御用地遺跡 土偶 39:橘の水神
安城市の上条 弁財天の境内に面して、社務所の脇に一対の石造の門柱が立っているのに気づきました。
門柱の間から両側に樹木の植えられた通路が南に延びており、先にはシャッターの降りたプレハブの倉庫や低木の樹木があるのが見えていた。
何かありそうだという感が働いて、その通路に入って行ってみたところ、通路の並木が途切れると、右手(西側)に丘陵が立ち上がっており、その丘陵上に、向かう細い通路が設けられていた。
その通路に沿って、右手には地蔵菩薩など大小の石仏が並んでおり、通路の先には赤い幟が見えた。
改めて地図を拡大してみたところ、最大に拡大すると「西覚寺」という寺院名が表示された。
ところが現場には寺院らしい建造物は見当たらない。
あまり気が進まなかったのだが、通路を登っていくと、その先にあったのが以下の建物だった。
丘陵の下から撮影したものだが、瓦葺切妻造棟入の堂だった。
赤い幟には「南無薬師如来」という文字が白抜きされ、堂前には線香台が設置され、鈴緒が下がっている。
堂内には壇が設けてあり、中央の厨子には薬師如来、向かって左の大きな仏壇には観音菩薩像と不明の木像、右側の大きな厨子には布袋尊(ほていそん)らしき像が奉られていた。
薬師如来像には身体や病気のことだけでなく、交通安全の効能が書かれた用紙が巻かれていたが、手に薬壺を持ってなく、薬師如来像としては旧い形式の像だ。

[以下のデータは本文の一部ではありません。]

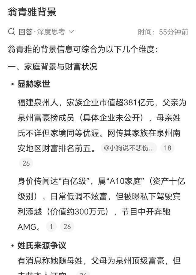 此事件也暴露娱乐圈的乱象,很多人专业能力不行,靠着人脉上位。还有人扒出翁青雅的家庭背景不简单,据说她是一个富家千金。这就难怪了。 翁青雅的确家世显赫,她是福建泉州人,家族企业市亿元,父亲为泉州富豪榜成员。
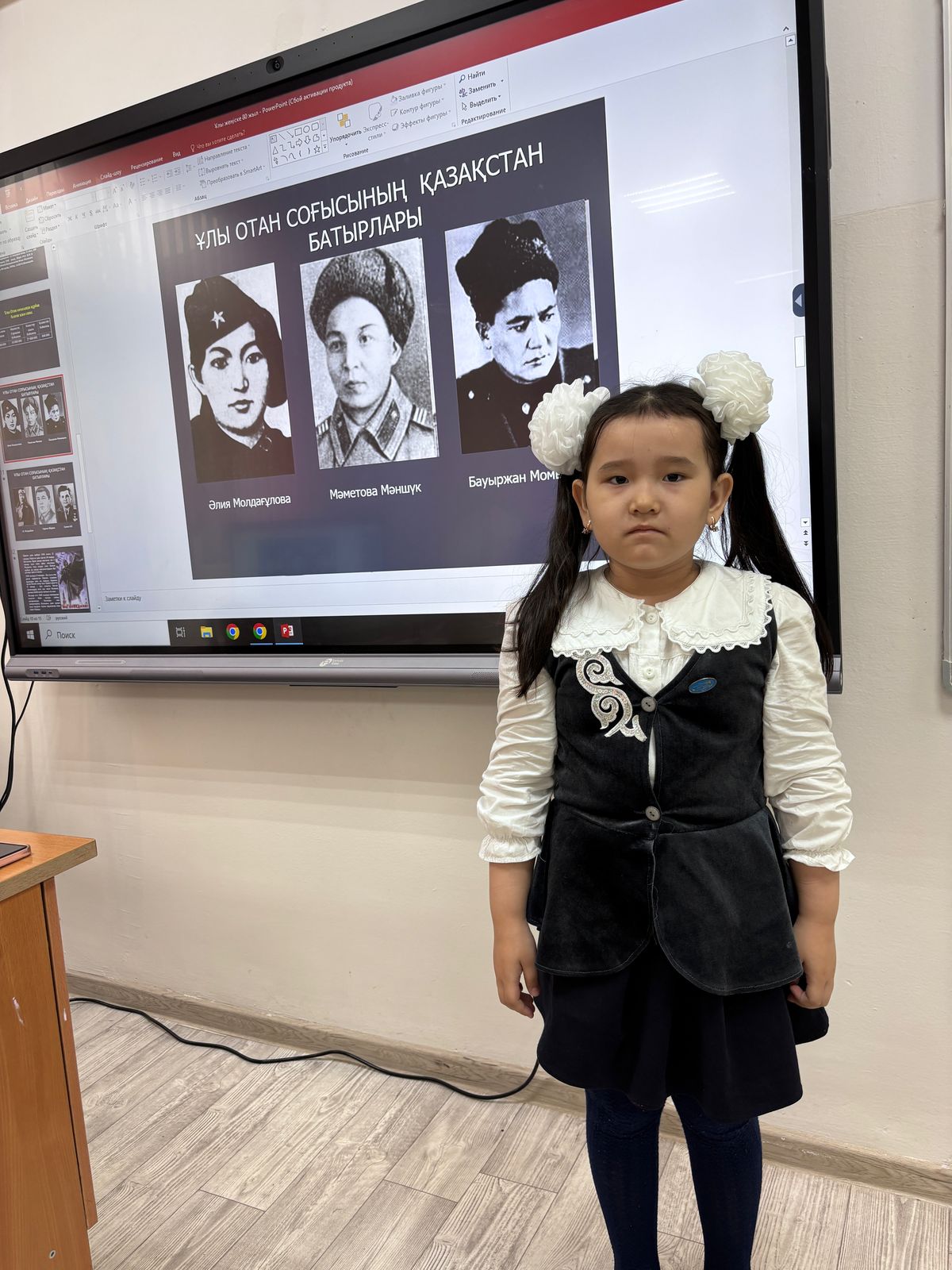 Ұлы Жеңістің 80 жылдығына орай кітапханашы Г.Какенова "Ұлы Жеңіске 80 жыл" атты кітап көрмесін ұйымдастырды. Мақсаты: ұлтымыздың болашағы үшін қан мен тер төккен батыр бабаларымызды ұмытпау, олардың аманатын өскелең ұрпаққа жеткізу. Сонымен бірге 1"А" сынып оқушылары Жеңіс туралы өлеңдерін жатқа мәнерлеп оқып, кітапханада көрмемен танысты. 1 "А" сынып жетекшісі Т.Қуанышбаева.

薬師如来は空海が嵯峨天皇(さがてんのう)から給預された京都・東寺(とうじ)を根本道場として広まった真言密教の仏なのだが、現在の西覚寺を調べてみると真言宗寺院ではなく浄土真宗寺院となっている。
航空写真で周囲をチェックしてみると、丘陵下の南側に小さな墓地が確認できた。
現場では墓地の存在に気付かなかった。
ネットで調べてみると、西覚寺は「三井山」という山号をもっているので真言宗寺院が浄土真宗に改宗した寺院だと思われる。
浄土真宗は山岳修行とは無縁の顕教の宗派なのだ。
このことから、上条 弁財天が「水分神社(みくまりじんじゃ)」として神社庁に登録されている謎が推測できた。
水分神社はもともと密教の仏である弁財天として三井山西覚寺に祀られていたのが、明治期の神仏分離で、神社として分離されるに当たって、神社庁の推奨する市杵嶋姫命(イチキシマヒメ)を祀るのに抵抗があって、水源地の地主神である天水分神(あめのみくまりのかみ)を祀ったのだと思われる。
その後、再び水分神社を西覚寺が管理するに当たって、地元に馴染みのある「弁財天」として祀っているのだと思われる。
薬師如来の脇に祀られている布袋尊も弁財天と同じく、七福神の一尊だ。
薬師堂の奉られた丘陵の麓には柑橘系の果実が実を結んでいた。
この地域では、はるみみかんか蒲郡(がまごおり)みかんの栽培が盛んなのだが、大きくて柔らかな葉や直立しないで根元から分岐し、細かな縦シボの多い幹はヤマトタチバナのようだ。
ただ、果実はコウライタチバナのように大きく、ヘッダー写真のように表皮がゴツゴツしている。
しかし、コウライタチバナは日本列島では山口県にしか存在しないので、固体種としての特徴なのだろう。
このヤマトタチバナを撮影したのは12月の中旬のことである。
「橘」と言えば聖徳太子だが、それは聖徳太子が奈良県高市郡明日香村の橘寺(仏頭山上宮皇院菩提寺)で生まれたことによる。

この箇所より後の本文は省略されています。